From the first line of the data down to the line bearing "パプリカ(赤・黄)……各1/2個 うずらの卵(水煮)……12個", output every line exactly and include no pictures.

## Raw data
---------------
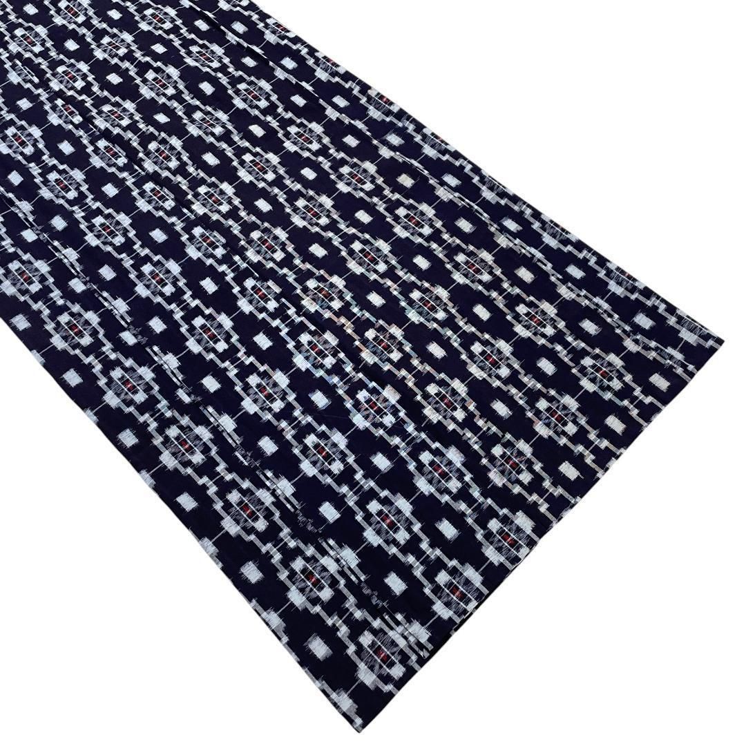 久留米絣 単衣着物 綿 幾何学柄 濃紺 ビンテージ着物 リユース品 A-2447
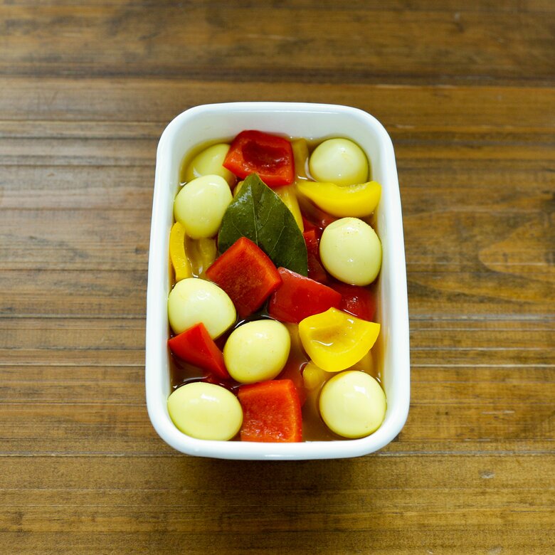 パプリカ(赤・黄)……各1/2個 うずらの卵(水煮)……12個
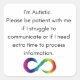 Este adesivo é uma forma simples, mas eficaz de comunicar aos outros que você ou um ente querido é autista e pode precisar de suporte adicional ou acomodações. A mensagem é clara e fácil de ler, fazer-a uma ferramenta excelente para os indivíduos autistas usarem em diversas situações, desde a escola ou do trabalho até eventos sociais. É uma maneira perfeita de sensibilizar sobre o autismo e promover compreensão e inclusão.
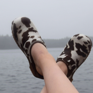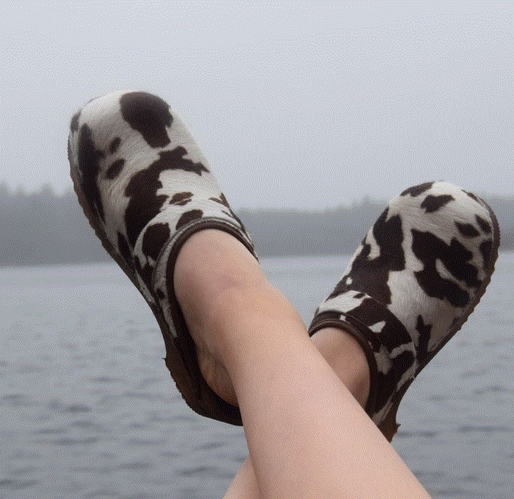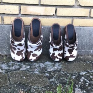 Sanita Caroline is gemaakt van bruin koeienbont, dat is geklemd op een bruin gebeitste houten zool van lindeboom.
---------------
## Response area
 久留米絣 単衣着物 綿 幾何学柄 濃紺 ビンテージ着物 リユース品 A-2447
 パプリカ(赤・黄)……各1/2個 うずらの卵(水煮)……12個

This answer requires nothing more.